This invention is a composite magnetic material which consists of a compression molded body of the mixture of a magnetic powder and a spacing material, and whose distance (delta) of adjacent magnetic powders is controlled by a spacing material.

In this composite magnetic material, when the spacing material is also made of a magnetic material, the magnetic permeability of the magnetic powder is preferably larger than the magnetic permeability of the spacing material.

When the distance between adjacent magnetic powders is represented by δ and the average particle diameter of the magnetic powder is represented by d, the relation represented by the equation 10 ^-3 ≤ δ / d ≤ 10 ^-1 is not less than 70% of the magnetic powder in the whole magnetic powder. It is preferable that the powder is satisfied.

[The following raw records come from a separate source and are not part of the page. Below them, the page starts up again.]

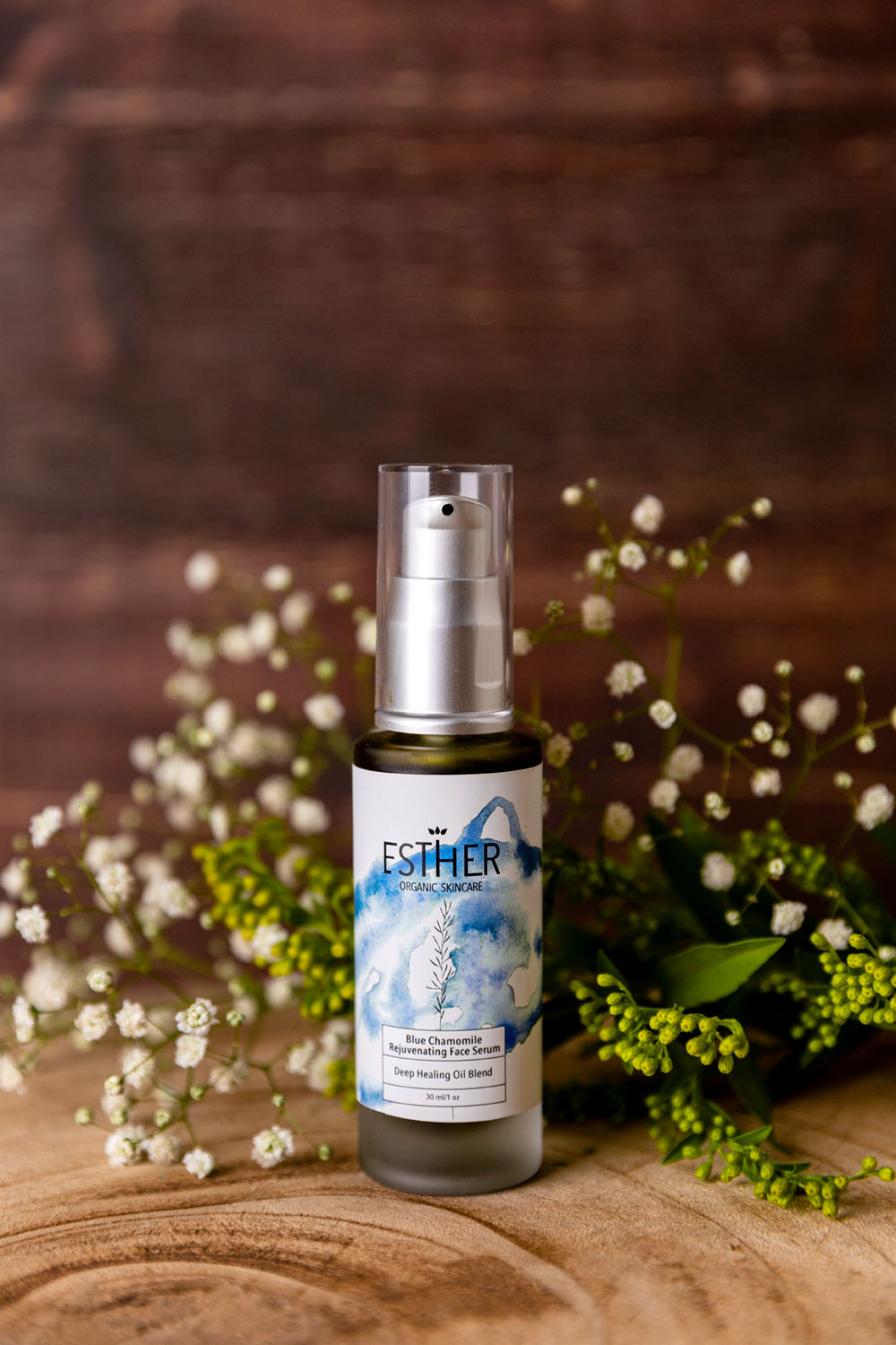 Embrace the healing essence of Israel with Esther Organic Skincare’s Blue Chamomile Rejuvenating Face Serum, a luxurious, deep-healing oil blend crafted in the heart of Jerusalem. This evening serum combines powerful ingredients known for their skin-nourishing benefits, especially the dynamic duo of calendula and rosehip oils. Calendula, known for its soothing and anti-inflammatory properties, works wonders overnight, helping to calm irritation, reduce redness, and promote skin repair while you sleep. When paired with rosehip oil, which is rich in vitamins A and C, this blend encourages skin regeneration and reduces the appearance of fine lines and scars. Together, they work in harmony to bring out a smoother, more radiant complexion by morning.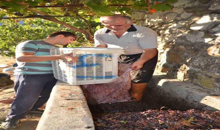 Şarahmana ismi verilen meşe ağacından yapılmış havuzda saatlerce süren ezme işleminin ardından ezilen üzüm sularını kazanlara aktardıklarını belirten Karakaş, “Elde ettiğimiz üzüm sularını kazanlara koyarız. Üzüm sularının içerisine döktüğümüz meşe külünü karıştırarak 4-5 saat kaynatıyoruz. Kaynatılan şıralar ise kazanın içerisinde sabaha kadar bekletiyoruz. Sabah ise temiz şıra haline geliyor. Daha sonra ise süzerek tavaya döküyoruz. Tavada kızgın ateşte 5-6 saat dumansız odun ile kaynatıyoruz. Bu süreç içerisinde pekmez haline geliyor ve sofralık pekmez haline getiriliyor. Tabİi ki bu oldukça meşakkatli bir iş. Üzümü pekmez haline getirmek için 3 gün emek veriyorsunuz. Çalışmak ve üretmek çok güzel bir şey. Üretmediğimiz sürece büyümeyi, refahı ve güzel yaşamayı asla hayal bile edemeyiz” şeklinde konuştu.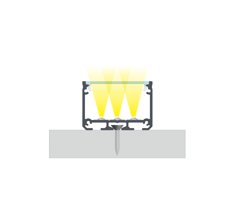 Efekt końcowy montażu profilu ILEDO z kloszem WIDE za pomocą wkrętu montażowego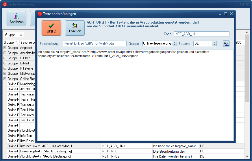 Zur Anlage von individuellen Texten für Reservierungsbestätigungen, Anschreiben an Versicherungen etc. kann diese Textmaske genutzt werden.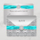 Elegant teal blue diamond centre satin ribbon bow on a silver diamond lace overlay response card RSVP. This beautiful teal blue RSVP is easily customised for your event with your details in the font style and colour and wording of your choice. This is a printed design with no real jewels, bows, glitter, etc.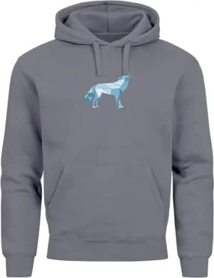 Hoodie Herren Polygon Print Wolf Wald Outdoor Adventure Natur Tiermotiv Fashion Streetstyle Convoy Grey XXL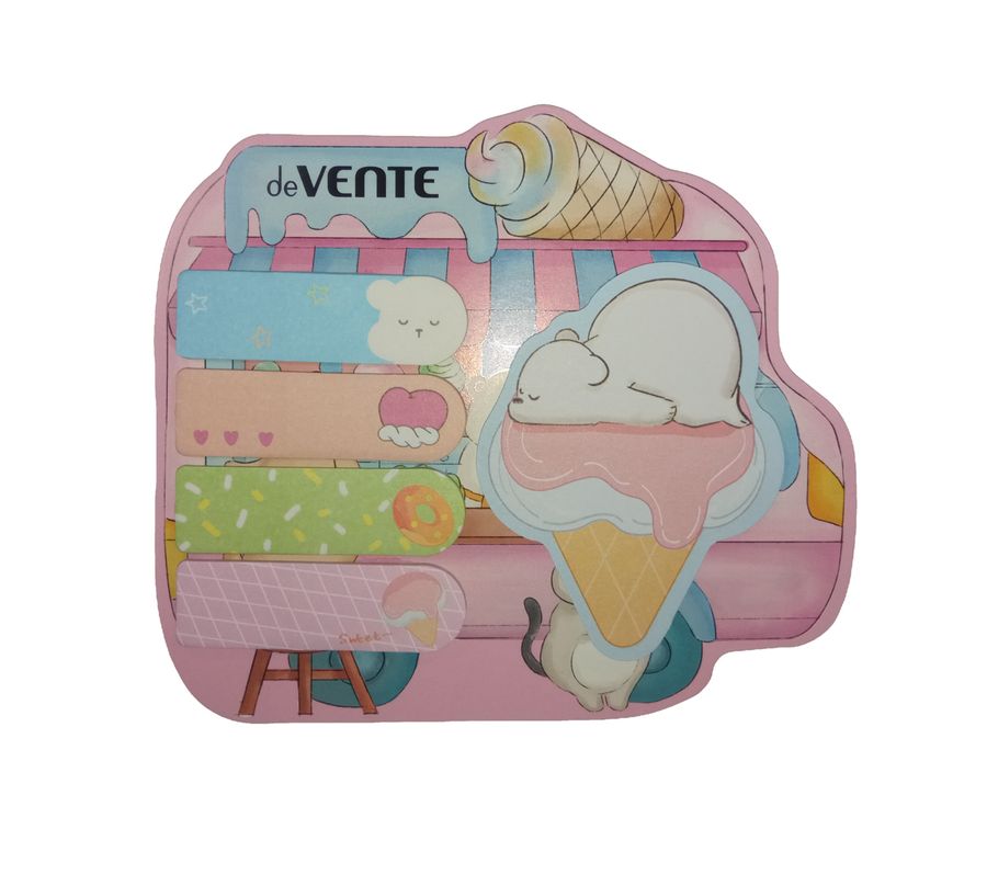 Набор клейкой бумаги для заметок "deVENTE. Bear&Ice cream", размер заметок: 50x15 мм и 55x71 мм, 5x20 листов, офсет 80 г/м², печать 4+0, ассорти форм, 5 дизайнов, в картонном блистере и пластиковом пакете с европодвесом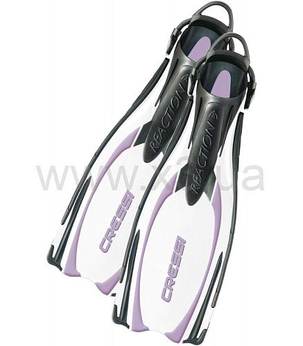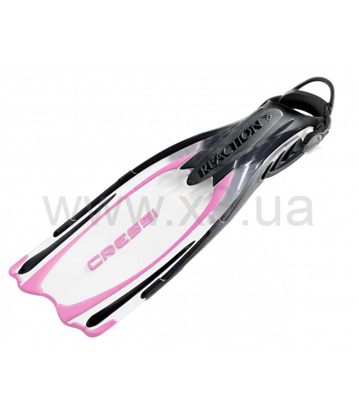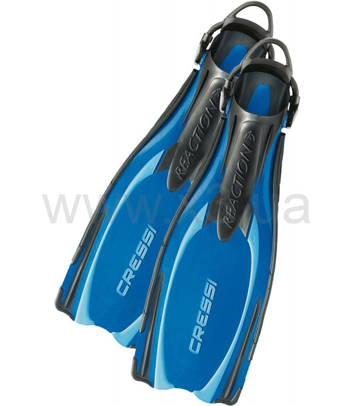 Ласты Cressi Sub Reaction EBS - новейшие из ласт Cressi для погружения с аквалангом, и имеют все преимущества эксклюзивной запатентованной технологии Cressi - сочетания трёх различных материалов для гарантии непревзойденных качеств. Reaction EBS использует многие из инновационных характеристик, представленных в других моделях: лопасть, которая начинает формироваться уже с калоши; дифференцированная толщина лопасти; слои, выполненные из двух различных материалов; подошва, сделанная полностью из противоскользящего материала; очень удобная, разработанная с помощью компьютерных технологий калоша и новая пружинная застежка. Ласты изобилуют сложными высокотехнологичными составляющими, всеми теми компонентами, необходимыми для создания того особого сочетания, которое всегда делает ласты Cressi непревзойдёнными. Материал, выбранный для лопасти, является не традиционным полимером, а новейшим поколением технического полипропилена, который намного более податлив, гибок и элегантен. Лопасть очень длинная и была разработана специально для того, чтобы получить лучшее соотношение усилия гребка и затрачиваемого на него усилия. Толщина лопасти не однородна: она постепенно становится тоньше по мере продвижения к концу ласты, для того чтобы гарантировать более сильный и адекватный изгиб лопасти. Лопасти сделаны из двух различных материалов, которые чередуются и используются в различных элементах ласты для повышения гибкости структуры в различных зонах лопасти и усиления реактивности эффекта отдачи. Разработанная с помощью компьютерных технологий подошва выполнена полностью из мягких эластомеров для исключительно удобного и устойчивого размещения стопы, чтобы гарантировать превосходную передачу гребного усилия. В то же самое время, калоша с широкой подошвой упрощает извлечение ноги из ласты в конце погружения и создает превосходный противоскользящий эффект, который способствует надеванию ласт на суше или в момент погружения с лодки или с берега. Удобные пружинные крепления помогают найти идеальное положение на заднике ботиков или носков.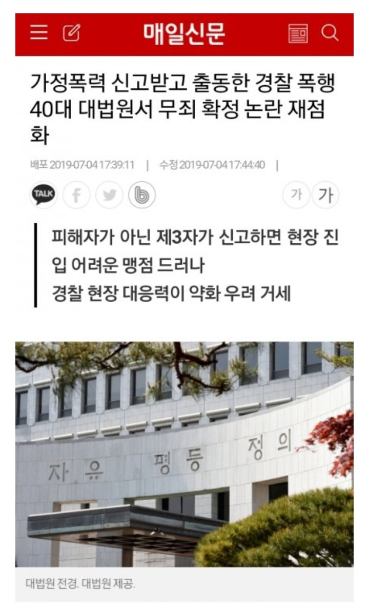 허락없이 들어온 경찰 폭행, 대법 무죄확정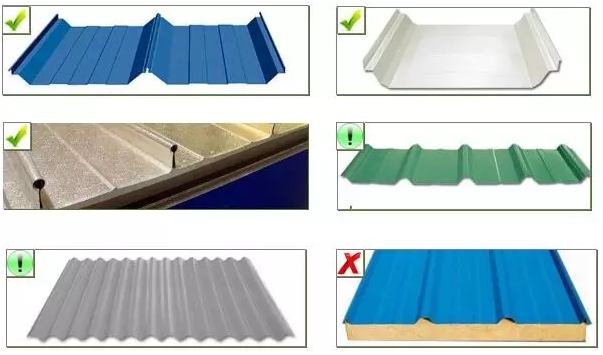 上圖中第一種是和第二種是壓型鋼板是經(jīng)??梢杂玫降?,直接夾在棱形上就可以了。第二種是屬于直立鎖邊,它用在公共建筑比較多,比如說(shuō)火車站、民用機(jī)場(chǎng),因?yàn)樗氖褂媚晗薇容^長(zhǎng)。第三種和前兩種相比,它沒(méi)有夾具的地方,但只能通過(guò)打釘,但是打釘?shù)陌惭b容易漏水,即便把緊固螺釘和金屬板密封得再好。建議用在一些特殊的地方,比如說(shuō)車棚,就是對(duì)防水要求沒(méi)有特別高的地方,在這上面可以安裝孔覆板。

As the magnetic powder, at least one of ferromagnetic materials of pure iron, Fe-Si alloy, Fe-Al-Si alloy, Fe-Ni alloy, permendur, amorphous and nano-fine crystals is contained. It is preferable that it is a powder of a magnetic material. These magnetic powders have high saturation magnetic flux density and permeability, and can obtain high characteristics in various manufacturing methods such as atomizing powder method, pulverized powder method and supercooling method.

Moreover, it is preferable that the average particle diameter of a magnetic powder is 100 micrometers or less.

As the spacing material, Al ₂ O _3, MgO, TiO _2, ZrO, SiO _2, CaO is of the inorganic material, preferably containing at least one kind. The inorganic powder is difficult to react with the magnetic powder in the heat treatment. In addition, a composite oxide or a nitride may be used for the spacing material. When inorganic powder is used for a spacing material, it is preferable that the average particle diameter of this inorganic powder is 10 micrometers or less.

It is also preferable to use organic powder for a spacing material. In particular, it is preferable to use one of a silicone resin, a fluorine resin, a benzoguanamine resin, and the organic compound C mentioned later.

It is also preferable to use metal powder for the spacing material. In particular, the metal powder whose average particle diameter is 20 micrometers or less is more preferable.

It is preferable to use at least two types of mixtures among the materials shown to following (a), (b), (c) for a spacing material. However, (a) is at least one inorganic substance among Al ₂ O ₃ , MgO, TiO ₂ , ZrO, SiO ₂ , and CaO, and (b) is a silicone resin, a fluorine resin, a benzoguanamine resin, and an organic compound described later. It is at least one organic substance in C, (c) is a metal powder.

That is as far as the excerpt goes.